Fortunately, there is little, if any paperwork for the employer of an F-1 or J-1 student. All paperwork is taken care of by the student and the Office of International Student and Scholar Services or the J-1 student's program sponsor. The employer is involved only in those cases in which a brief letter may be required to verify employment. Labor certification, prevailing wage attestations, or letters proving that no U.S. citizen was qualified for the position are not required of the employer when practical training, academic training, and economic hardship applications are filed.
Verifying Employment Eligibility (Form I-9)
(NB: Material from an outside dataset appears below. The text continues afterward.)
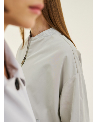 Bomber oversize grigio chiaro in tessuto tecnico antigoccia
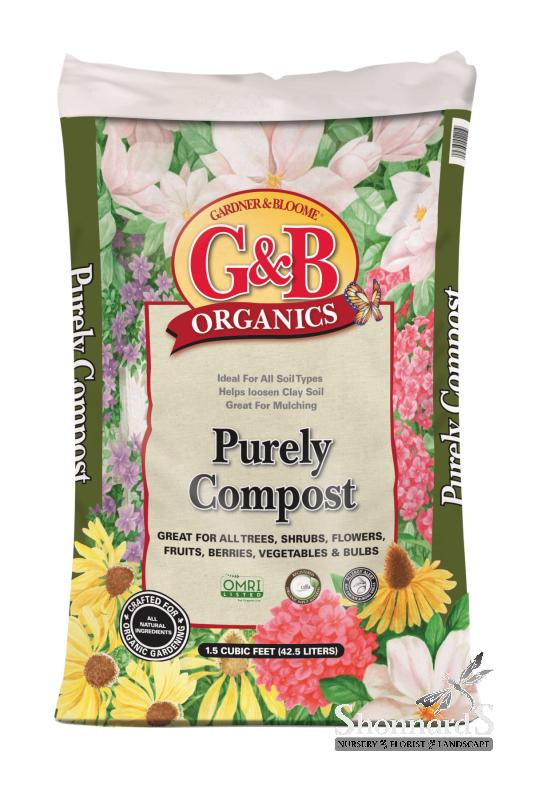 Mix G&B ORGANICS PURELY COMPOST with your native soil to improve poor soil conditions. This proven organic compost includes no harmful synthetic chemicals, creating a better environment for plant growth and health. The beauty of G&B ORGANICS PURELY COMPOST is, it works on anything from trees to shrubs, bulbs to veggies. In addition to loosening clay soils for better drainage, G&B ORGANICS PURELY COMPOST provides a great topdressing around established plants to give them more vitality and vigor.

Immigration Reform and Control Act of 1986 (IRCA) requires anyone hired by a U.S. employer to complete an I-9 form and present proof of identity and employment eligibility. Students in F-1 status will present either an I-20 (Certificate of Eligibility) endorsed on the back (for curricular practical training) or an Employment Authorization Document (for optional practical training and economic hardship). The Employment Authorization document is a laminated photographic card that provides beginning and ending dates of employment authorization. Students in J-1 status will present a letter from their program sponsor authorizing the employment for a specific time period. These documents plus a valid passport are sufficient for I-9 requirements. Tax Matters
F-1 and J-1 students are subject to all applicable federal, state and local income taxes. In some cases, tax relief may be available to individuals from countries that have entered into tax treaties with the U.S. Information regarding tax treaties may be found by consulting Internal Revenue Service Publication 901, US Tax Treaties. F-1 and J-1 students are exempt from FICA (Social Security tax withholding) for their first five years in the US as students. This exemption is explained in Internal Revenue Service Publication 519, US Tax Guide for Aliens. The exemption is included in Section 210 of the Social Security Act, 42 USC 410(a)(19). Implementing regulations are found in 20 CFR 404.1036. Additional information on tax matters relating to international students.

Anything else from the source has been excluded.